Israeli researchers are claiming that president of the Palestinian Authority Mahmoud Abbas was once a Soviet spy.
Researchers at the Hebrew University’s The Truman Institute say they uncovered a document showing that Palestinian Authority president Mahmoud Abbas was a Soviet spy during the Cold War.
The document was allegedly smuggled out of the Soviet Union in the 1980’s by a former KGB archivist who’d become disillusioned with Soviet repression, according to a New York Times story published yesterday.
The document, which names Abbas as having been a “mole” cultivated by the KGB in 1983 in Damascus, Syria, was handed over to British intelligence agents over 20 years ago, and now lives in an archive in the United Kingdom, where the Hebrew University researchers located it and sent it to Israel’s Channel 1. The channel broadcast a report on the document last night.

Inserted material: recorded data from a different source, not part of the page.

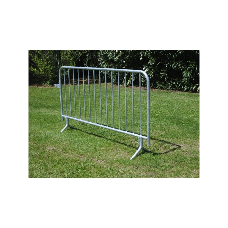 Pour la sécurité des personnes. En acier galvanisé à chaud. Cadre en tube Ø 35 mm. 14 barreaux Ø 16 mm (espacement 11 cm). Conforme aux normes de police en vigueur.
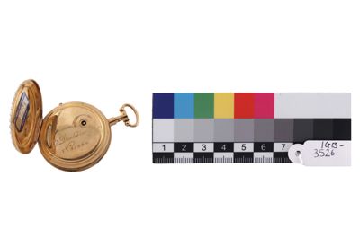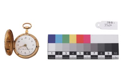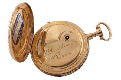 Cassa in quattro parti: fondo inciso con bordo di perle, cuvette liscia con foro di carica, carrure godronata e lunetta chiusa incisa come il fondo con bordo di perle. Pendente a disco con collo cilindrico a pressione per l'attivazione della ripetizione e anello ovale fissato con vite.
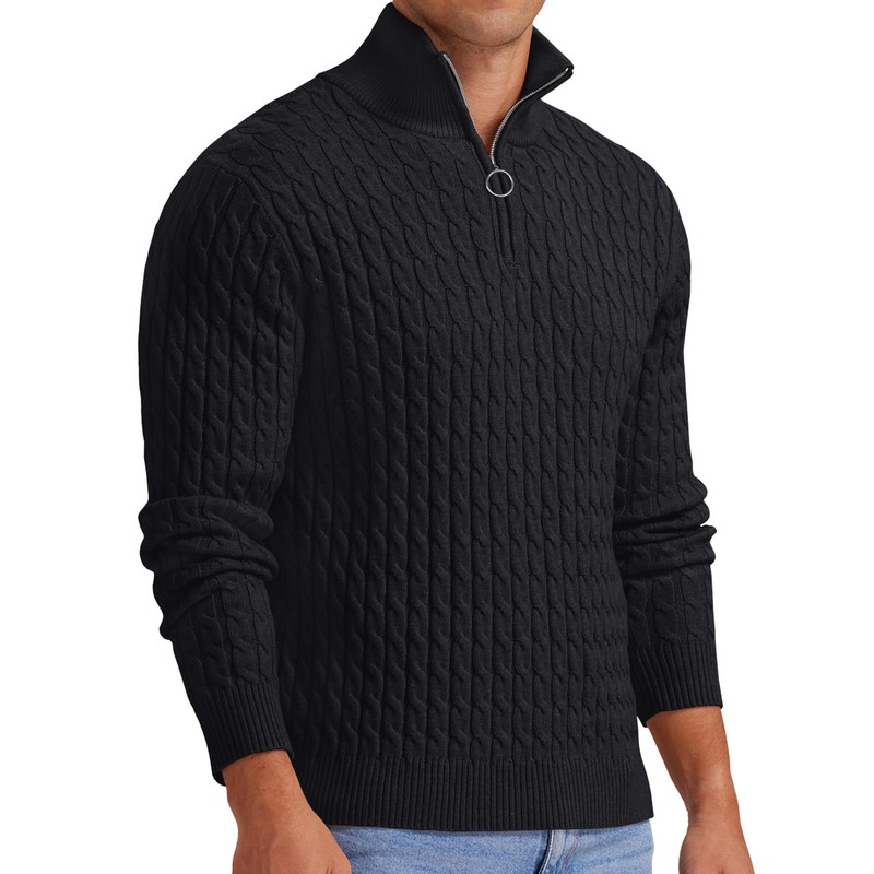 Askdeer Men's Quarter-Zip Sweater Mock Turtleneck Cable Knit Pullover Sweater Soft Casual Polo Sweater with Cable Pattern Black
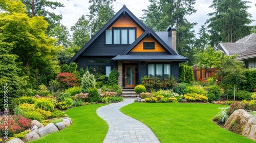 © Matcha_09, Fototapeta premium A serene modern garden house with a clean, angular design, surrounded by manicured lawns and natural stone paths
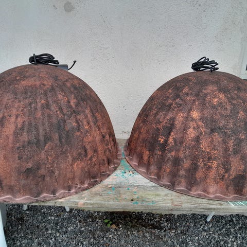 2x Loftlampe af valnøddemønstret stål med LED-belysning.
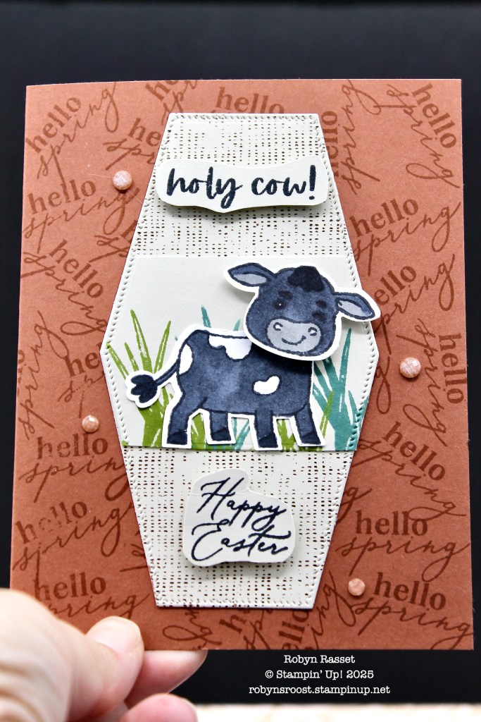 The holy cow greeting is from the Cutest Cows set, while the Happy Easter greeting is from the Hello Spring kit. Both are done on Basic Beige with Tuxedo Black ink, fussy cut, and popped up with dimensionals.
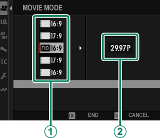 Before shooting movies, choose the frame rate and the frame size and aspect ratio.
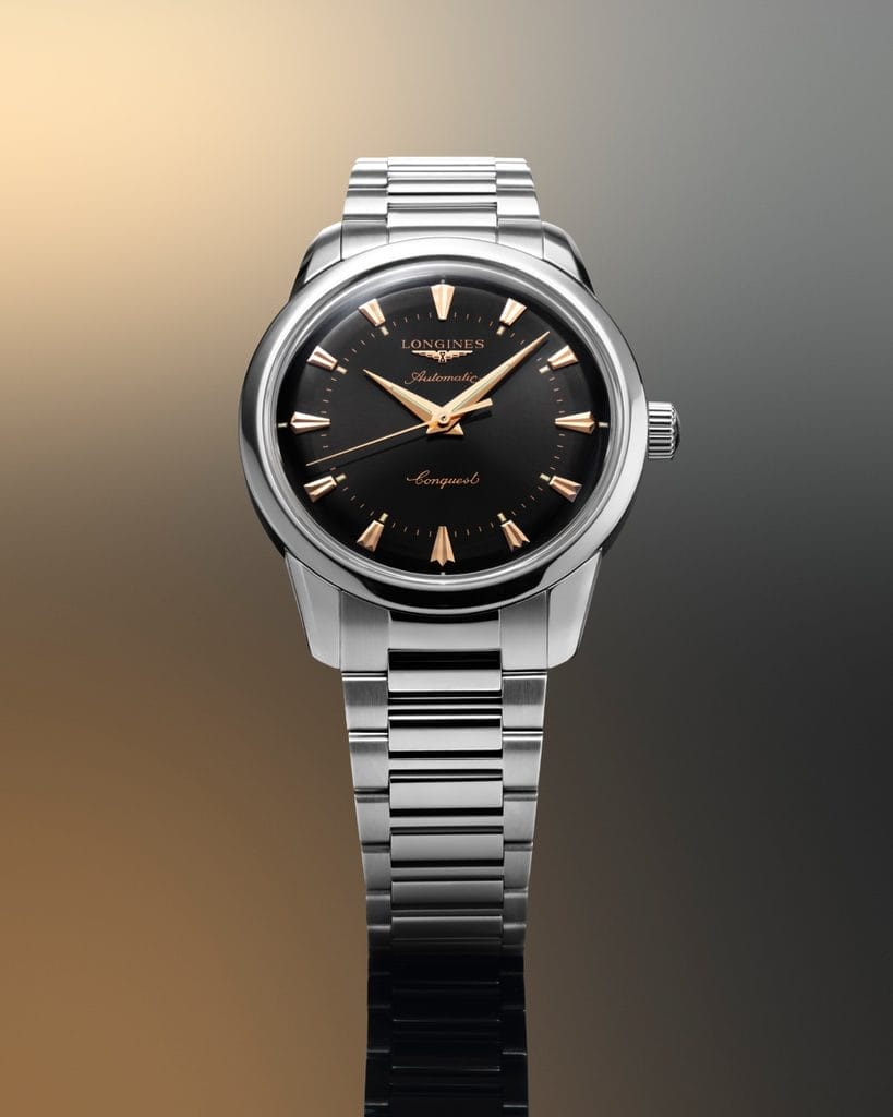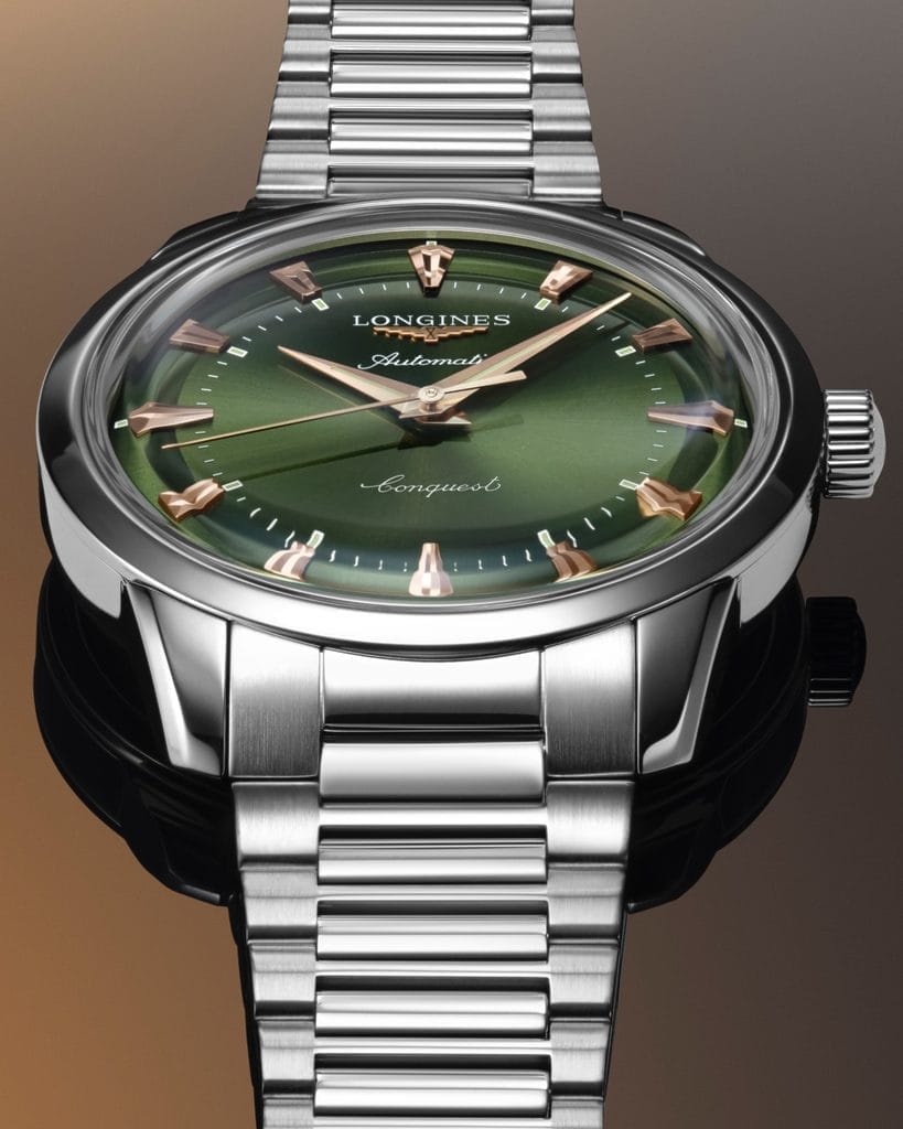 Chaque nouveau modèle Conquest Heritage reste fidèle à l’ADN des premières montres Conquest. On retrouve les éléments emblématiques : cadrans bombés aux teintes raffinées (bleu, vert, brun, argenté ou noir), index facettés appliqués dorés ou rhodiés, et aiguilles assorties revêtues de Super-LumiNova®. Le tout logé dans un boîtier rond en acier inoxydable de 38 mm ou 40 mm, dont les proportions classiques renforcent le caractère unisexe de la collection.

Document says Abbas's KGB code name was "mole," which just seems a bit too cliche. Why not just code name him "spy"? https://t.co/rteHwqrH3O
— Joshua Davidovich (@JMDavido) September 7, 2016
Mohammed al-Madani, a member of the Fatah's central committee told the left-wing Israeli newspaper Haaretz that the report was merely an effort to discredit Abbas. “This is another attempt to slander him,” al-Madani said.

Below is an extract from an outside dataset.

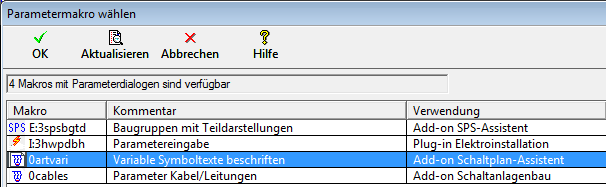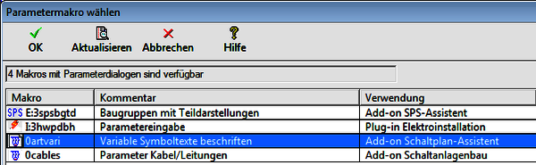 - Treesoft CAD ruft automatisch zur Beschriftung der Variablen-Symboltexte den Parameterdialog des gewählten Parametermakros auf. Die Funktion analysiert das Symbol und zeigt, entsprechend den über den Formatfilter eingestellten Optionen, die in dem Symbol hinterlegten Variablen-Symboltexte (beispielsweise Informationsvariablen) an. Die zur Beschriftung mit den technischen Informationen bzw. Wertangaben vorgesehenen Platzhalter (beispielsweise «Bereich») sind in dem Symbol in dem Textformat Informationsvariable hinterlegt. Die Beschriftung der Symboltexte erfolgt direkt in diesem Dialogfeld (siehe nachstehende Abbildung).
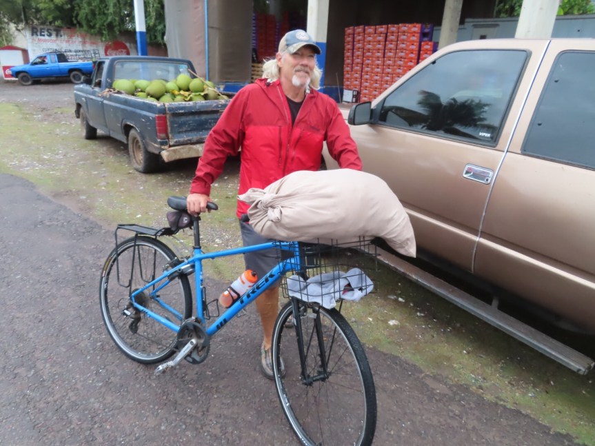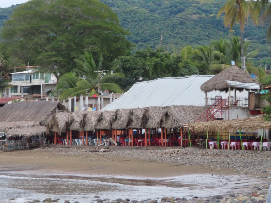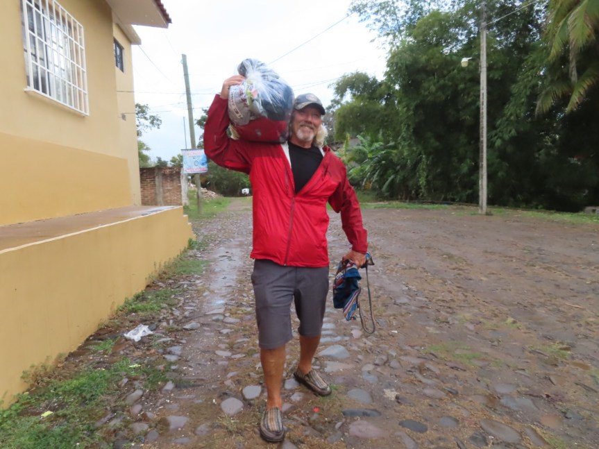 A pretty laid back day at camp. I hung around out on the patio with the dog. It would rain off and on but nothing hard. In the afternoon, Alan and I hiked back up to town to pick up our laundry and see if could find some tacos. Tacos seem to be hard to come by in the coastal towns. Pollo asado and tacos are a weekend’s only thing. We toted our bags of clean clothes back over to the seaside shacks and ordered a couple of plates while watching the sunset. For a Monday, they were doing a fair bit of business. Andrew joined us for a while then we marched back down the beach trying not to get our feet wet while traversing the river on Andrew’s makeshift bridge. He’s still trying to get a 20 peso toll out of us for the crossing.

Twitter users poked fun at the fact that Abbas’s code name was allegedly “mole.” “They couldn't have called him something subtle like SpyDude?” one user asked.

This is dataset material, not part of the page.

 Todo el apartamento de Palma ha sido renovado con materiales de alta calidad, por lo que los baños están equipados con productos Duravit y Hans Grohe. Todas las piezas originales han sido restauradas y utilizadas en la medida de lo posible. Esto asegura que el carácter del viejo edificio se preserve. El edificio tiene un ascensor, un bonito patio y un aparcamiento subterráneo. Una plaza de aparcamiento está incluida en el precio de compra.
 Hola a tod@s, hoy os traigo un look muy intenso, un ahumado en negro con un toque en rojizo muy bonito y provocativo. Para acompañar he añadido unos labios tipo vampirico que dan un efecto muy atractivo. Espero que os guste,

The Truman Institute—the Israeli think tank that dug up the document—says on its website that it’s devoted to “advancing peace” in the Middle East. But one of the researchers involved in publicizing the document told The New York Times that he’d publicized the document because he opposes the recent Russian efforts to broker a peace deal between Israel and the Palestinian leadership.